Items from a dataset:
━━━━
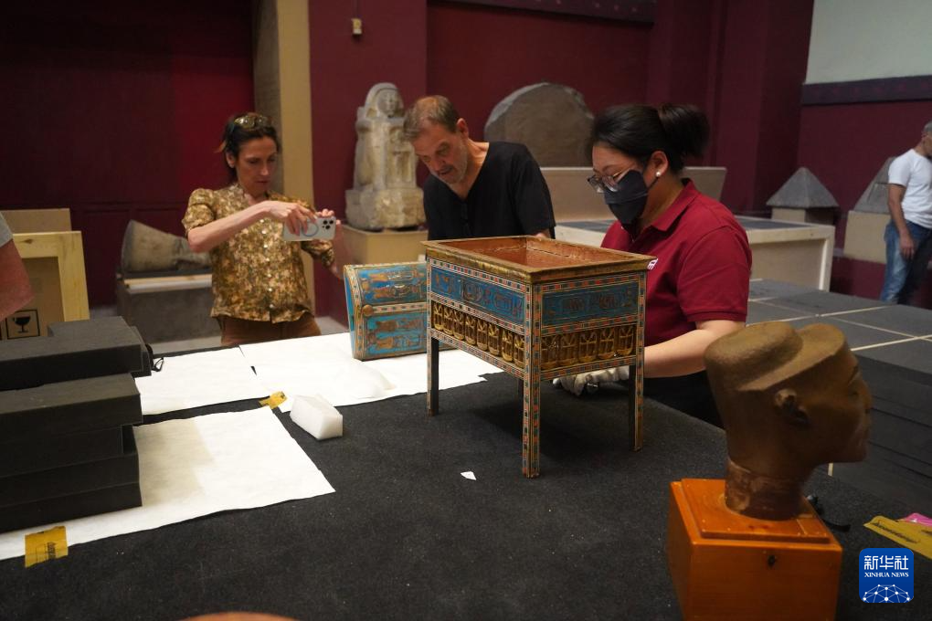 5月23日,在位于埃及首都开罗的埃及国家博物馆,工作人员对打包文物进行检查。
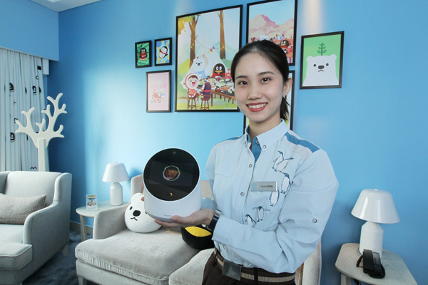 记者在开放体验的QQfamily主题智能样板客房里看到,不仅随处可见QQfamily六位萌趣成员的身影,住客更可以通过「小Q机器人」,对房间里的灯光、窗帘等进行多种智能化操控。
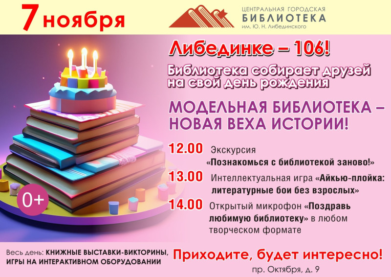 7 ноября приглашаем вас отметить 106-летие Центральной городской библиотеки им. Ю. Н. Либединского!
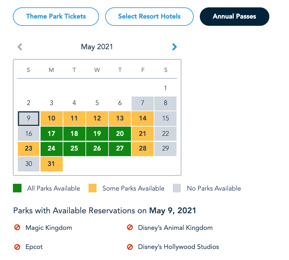 Park Pass Reservation availability for guests with Theme Park Tickets for May 9th as of May 6th © Disney
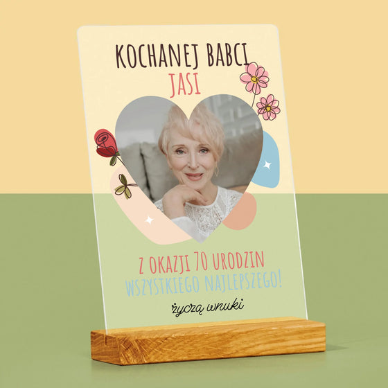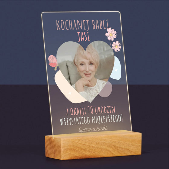 54,99 złCena jednostkowa /NiedostępneZdjęcie I Podpis: Kochanej Babci z Okazji Urodzin - Wydruk na szkle akrylowym LED
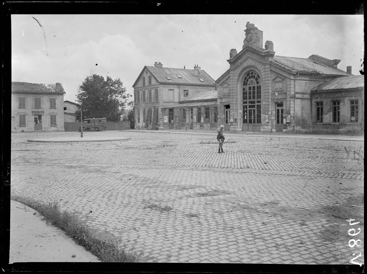 Soissons, la gare au fond à gauche. Auto équipage télégraphique allemand. [légende d'origine]
━━━━
Repeat the records word for word. Any picture in them should be left out.

 5月23日,在位于埃及首都开罗的埃及国家博物馆,工作人员对打包文物进行检查。
 记者在开放体验的QQfamily主题智能样板客房里看到,不仅随处可见QQfamily六位萌趣成员的身影,住客更可以通过「小Q机器人」,对房间里的灯光、窗帘等进行多种智能化操控。
 7 ноября приглашаем вас отметить 106-летие Центральной городской библиотеки им. Ю. Н. Либединского!
 Park Pass Reservation availability for guests with Theme Park Tickets for May 9th as of May 6th © Disney
 54,99 złCena jednostkowa /NiedostępneZdjęcie I Podpis: Kochanej Babci z Okazji Urodzin - Wydruk na szkle akrylowym LED
 Soissons, la gare au fond à gauche. Auto équipage télégraphique allemand. [légende d'origine]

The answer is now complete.